Description of the task>
Below this line are records; write out exactly the lines from the one containing "On the quiet" through the one containing "Giaccone in montone", with the pictures left out.

### The records ###

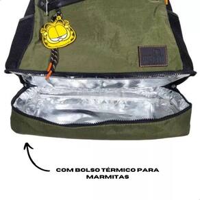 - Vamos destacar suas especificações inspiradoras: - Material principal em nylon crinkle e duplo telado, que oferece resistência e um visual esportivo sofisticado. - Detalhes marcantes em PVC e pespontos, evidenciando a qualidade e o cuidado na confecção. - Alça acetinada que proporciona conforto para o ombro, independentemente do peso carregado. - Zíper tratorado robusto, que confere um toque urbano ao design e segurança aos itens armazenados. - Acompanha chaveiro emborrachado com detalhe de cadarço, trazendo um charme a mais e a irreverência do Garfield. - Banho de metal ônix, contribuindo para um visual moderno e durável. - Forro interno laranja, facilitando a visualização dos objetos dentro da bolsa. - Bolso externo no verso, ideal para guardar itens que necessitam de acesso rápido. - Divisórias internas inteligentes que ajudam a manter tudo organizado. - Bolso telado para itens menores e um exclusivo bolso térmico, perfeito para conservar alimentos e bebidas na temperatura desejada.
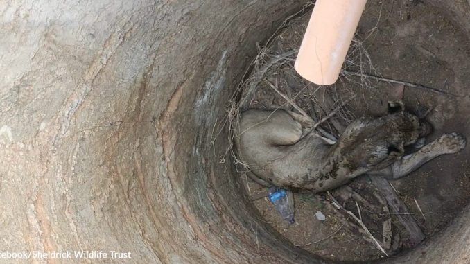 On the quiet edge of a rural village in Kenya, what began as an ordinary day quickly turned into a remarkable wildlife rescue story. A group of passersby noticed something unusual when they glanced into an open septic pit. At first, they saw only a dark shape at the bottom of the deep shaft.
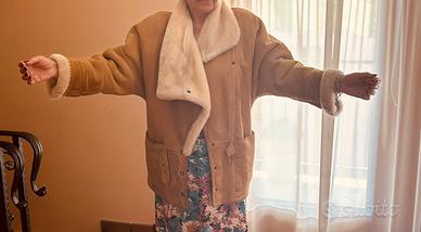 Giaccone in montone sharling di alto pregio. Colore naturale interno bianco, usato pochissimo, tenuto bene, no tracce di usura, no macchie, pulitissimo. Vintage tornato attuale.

###
### The records ###

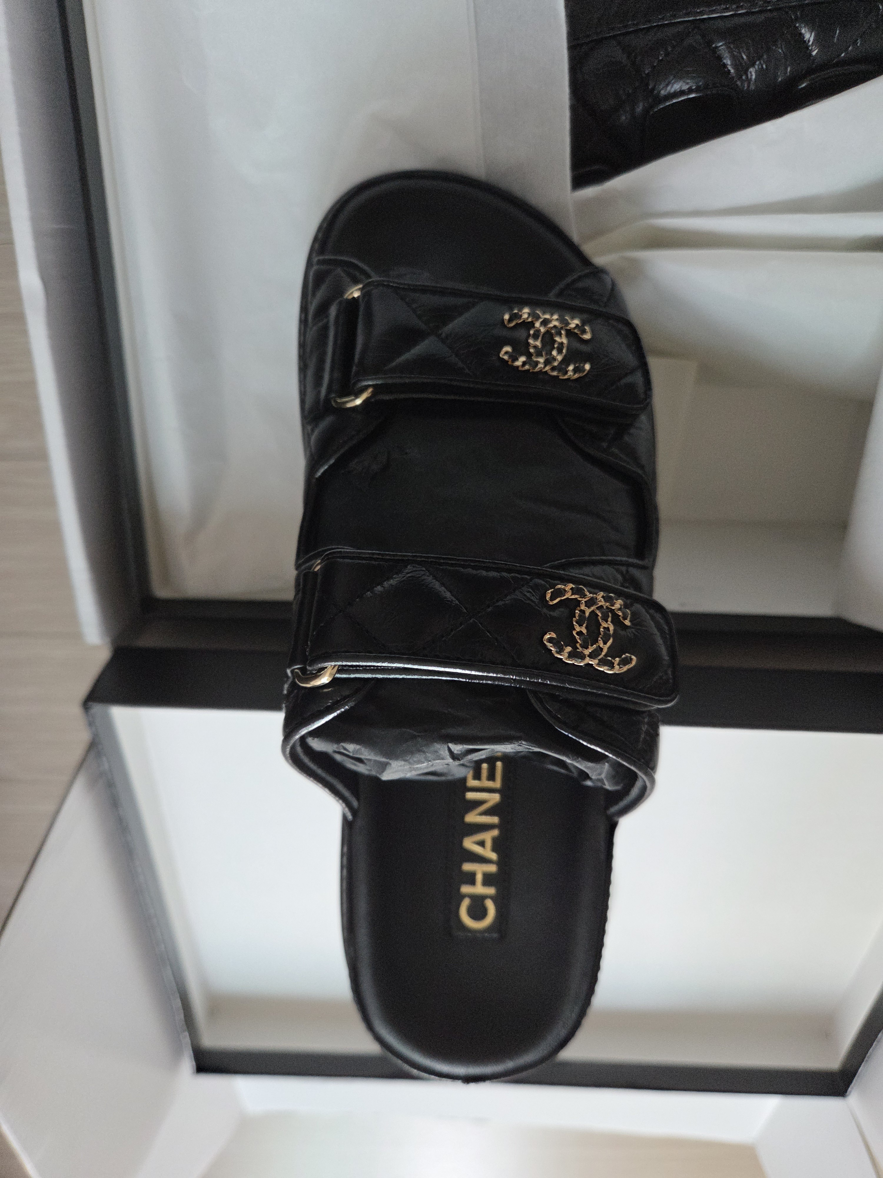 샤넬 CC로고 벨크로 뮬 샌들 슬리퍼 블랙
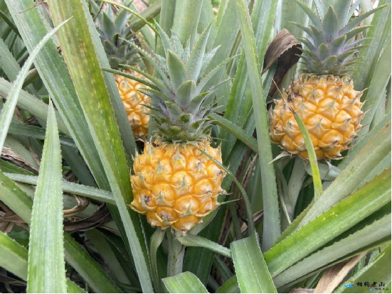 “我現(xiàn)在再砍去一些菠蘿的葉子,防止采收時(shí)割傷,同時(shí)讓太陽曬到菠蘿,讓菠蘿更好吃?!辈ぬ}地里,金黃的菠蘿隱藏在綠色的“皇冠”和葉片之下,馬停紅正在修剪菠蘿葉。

###

Response to this exercise>
 On the quiet edge of a rural village in Kenya, what began as an ordinary day quickly turned into a remarkable wildlife rescue story. A group of passersby noticed something unusual when they glanced into an open septic pit. At first, they saw only a dark shape at the bottom of the deep shaft.
 Giaccone in montone sharling di alto pregio. Colore naturale interno bianco, usato pochissimo, tenuto bene, no tracce di usura, no macchie, pulitissimo. Vintage tornato attuale.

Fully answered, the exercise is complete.